An oft-repeated scene in the Washington, D.C. kabuki dance recently began with the release of former CIA director George Tenet’s memoir At the Center of the Storm: My Years at the CIA.


I don’t find it particularly interesting to watch a mighty ego defend his honor — mighty egos in the U.S. government are as common as pigeons in the park. (It has to be that way, doesn’t it? Only an inflated ego thinks it can run a government as overlarge as ours.) But I’m pleased by the healthy airing of differences the book has spawned.


This morning in the Washington Post, Richard Perle takes after Tenet about factual inaccuracies in the book. (Puffing pigeons.) The rift starts to reveal some important, but long overlooked, information.

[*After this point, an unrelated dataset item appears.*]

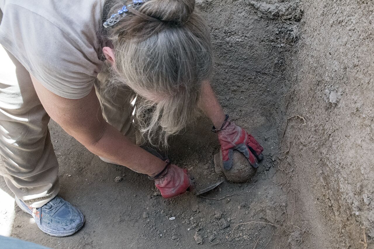 July 15 | Laurie carefully removes a small pot discovered in a mikveh.
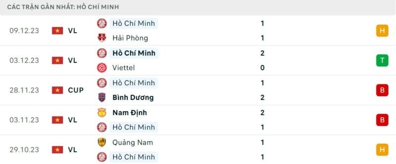 Phong độ gần đây Thanh Hóa vs TPHCM:

Perle writes, “the CIA failed to make our leaders aware of the rise of Islamist extremism and the immense danger it posed to the United States.” An example I would offer is the presence of Nawaf al-Hazmi and Khalid al-Mihdhar inside the United States — terrorists linked to the USS Cole bombing. Of al-Mihdar, the 9/11 Commission reported, “No one was looking for him.” The story is recounted in brief in my Cato Policy Analysis (with Jeff Jonas) Effective Counterterrorism and the Limited Role of Predictive Data Mining.


A conclusion of that paper: “In the days and months before 9/11, new laws and technologies like predictive data mining were not necessary to connect the dots. What was needed to reveal the remaining 9/11 conspirators was better communication, collaboration, a heightened focus on the two known terrorists, and traditional investigative processes.”


As U.S. government officials turn against each other, they help reveal that their agreement to turn against us — in the USA-PATRIOT Act, domestic spying, and myriad other laws and programs — was a salve for those wounded egos. They didn’t want to admit that they outright missed the 9/11 attacks.